» Your instructions
A word-for-word retyping of the listing below is required, with the pictures dropped.

» Raw data

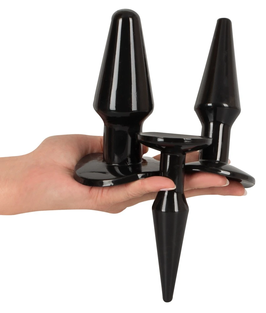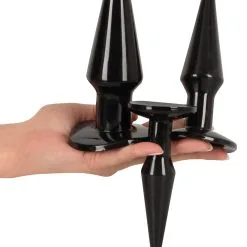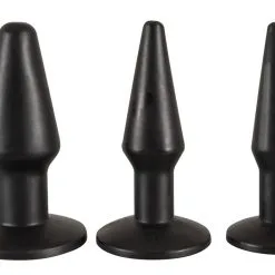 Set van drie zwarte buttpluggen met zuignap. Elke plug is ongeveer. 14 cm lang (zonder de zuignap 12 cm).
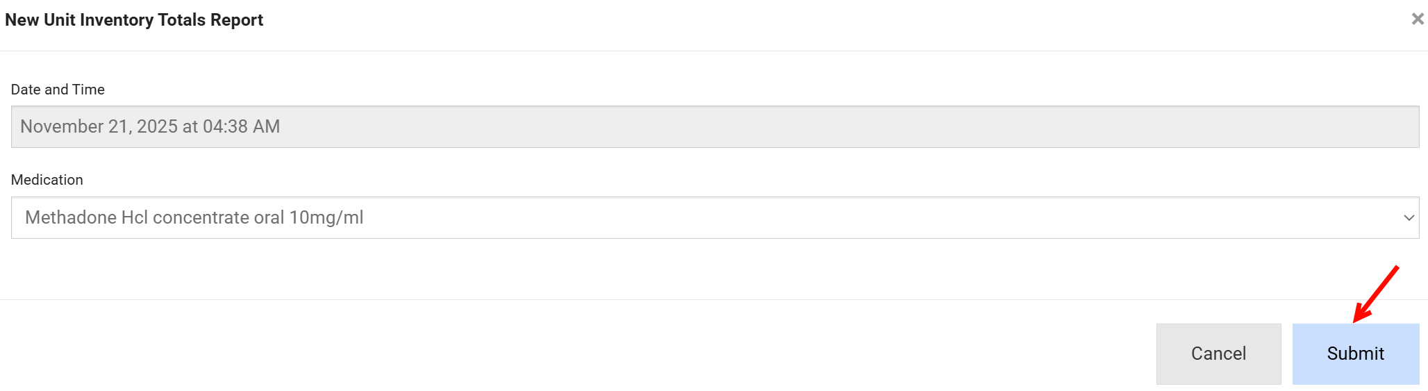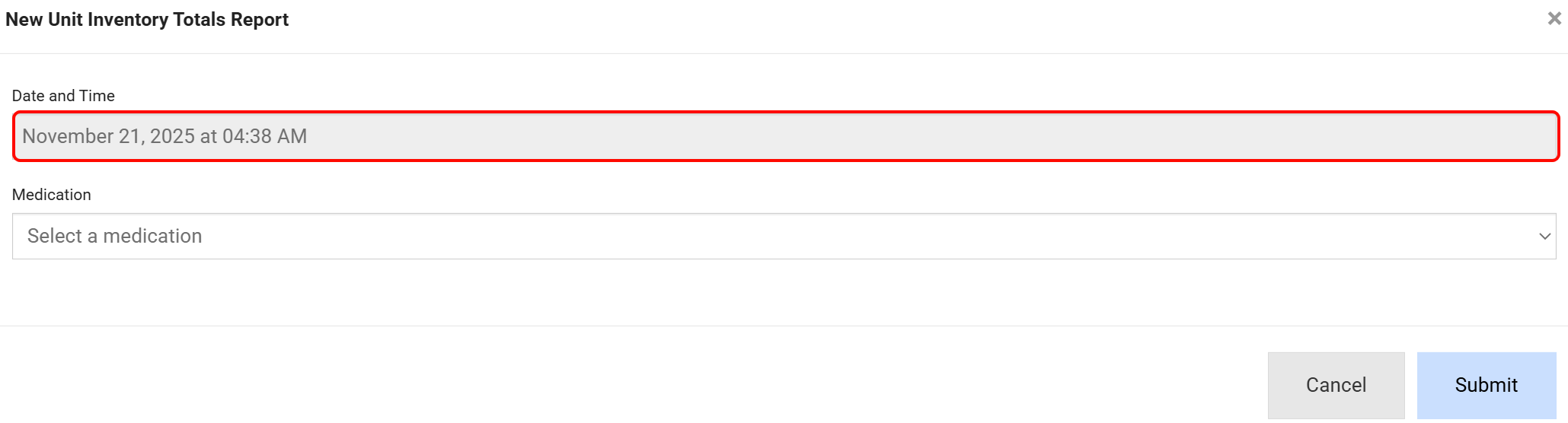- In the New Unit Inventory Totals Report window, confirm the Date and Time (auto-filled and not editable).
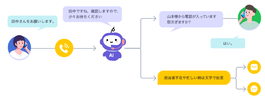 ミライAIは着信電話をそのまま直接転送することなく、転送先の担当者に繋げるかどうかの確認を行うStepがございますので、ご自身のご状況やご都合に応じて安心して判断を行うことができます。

» Answer box
 Set van drie zwarte buttpluggen met zuignap. Elke plug is ongeveer. 14 cm lang (zonder de zuignap 12 cm).
- In the New Unit Inventory Totals Report window, confirm the Date and Time (auto-filled and not editable).
 ミライAIは着信電話をそのまま直接転送することなく、転送先の担当者に繋げるかどうかの確認を行うStepがございますので、ご自身のご状況やご都合に応じて安心して判断を行うことができます。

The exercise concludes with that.